SUPER MARIO MAKER, Nintendo’s upcoming game-creation software for Wii U, doesn’t give you all of its tools immediately. Instead, it rolls them out in dribs and drabs, a day at a time. This is intended to let you cut your teeth making simpler Mario levels first, before moving on to more complex machinery
After I made my first in-game level, I unlocked the ability to make underwater levels. Everyone hates underwater levels—I didn’t see a single one on the Mario Maker online servers—so I decided I should try it. My goals were still the same: Create a Mario level that was fun but fair, something with a tight, restrained design, something that taught the player something about how the game behaves, then iterated on that, making it more and more challenging.

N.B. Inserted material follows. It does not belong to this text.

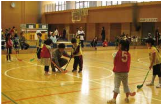
▲総合型地域スポーツクラブの「八千代中央コミュニティスポーツクラブ」が主催したユニホッケー大会

これらのクラブの広報活動や環境整備を支援することで認知度を高め、加入者の増加や各地域での設立につなげます。

So far, I’ve found that inspiration comes when I play around with Super Mario Maker, just dragging various elements around and playing with them, seeing how they react and how they work in combinations. The game’s effortless switching between playing and editing makes that easy to do. In the underwater level, I quickly found something I liked: One of the elements is a platform that you can swim up from underneath, but can’t go through it from the top.
In other words, a one-way passage. I had my fun underwater experiment: A tight-squeeze passage with enemies and obstacles, which you could easily avoid by just swimming all the way to the top—but then you’d find yourself without a way to proceed. You’d have to stay in the middle the whole way through.